I have this feeling that most of time I "search" for something I already know what I'm looking for, but google via firefox's omnibox, is just the fastest way to get there, even though it's a bit indirect. Are they getting paid for that, or am I costing them money in the short term, but they get to build up a profile on me to provide more effective ads later?
I wonder if it's possible to take advanage of that type of search by putting a facade in front of the "search engine" and based on the search term and the private local user history, then go direct to a known site, or if it seems a search is needed, go to a specific search engine. This may open up opportunities for say program language specific search engines, or error messages from a program specific search, or shopping for X sites.
I bookmark every site I might possibly want to revisit - make a habit of Ctrl+D. They're totally unsorted, but the key is to wipe the regular history on exit, leaving only the bookmarks as source material for completion. That way I can type something in the url bar and get completion to interesting sites. The url bar (or omnibox) matches on page title as well as the actual address, so it's easy, and always faster than a search engine.
if u set duckduckgo as your default search provider, you can use bang in the omibox.

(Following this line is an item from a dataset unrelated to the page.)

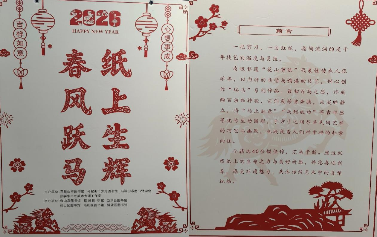 为传承中华优秀传统文化,感受非遗剪纸艺术魅力,在2026马年新春之际,beat365正版唯一官方网站图书馆联合马鞍山市图书馆、马鞍山市少儿图书馆、马鞍山市图书馆学会及张学华工艺美术大师工作室,共同举办“春风跃马 纸上生辉”张学华“瑞马”系列剪纸艺术展,为全校师生献上一场饱含吉祥寓意的视觉盛宴。

also you can toogle between local-area or global search. https://duckduckgo.com/bang e.g. !yt !osm !gi
Most wikis or resource/documentation sites have a local search bar on their homepage, Firefox has a feature where it lets you add a search keyword for that specific site. So if you add, say, pydocs as a keyword for docs.python.org you can do "@pydocs <query>" it looks up the query on that page.
This is a business model I've been thinking about: what if users earned credits for running a crawler on their machine? In other words, as much as I hate crypto scams, a "tokenized" search engine where the "mining" power was put to good use, i.e crawling and indexing.
YaCy is decentralized, but without the credit system. Some tokens, like QBUX, have tried to develop decentralized hosting infrastructure.
I also have been wondering how this would play out with some kind of decentralized indexes. The nodes could automatically cluster with other nodes of users sharing the same interests, using some notion of distances between query distributions. The caching and crawling tasks could then be distributed between neighbors.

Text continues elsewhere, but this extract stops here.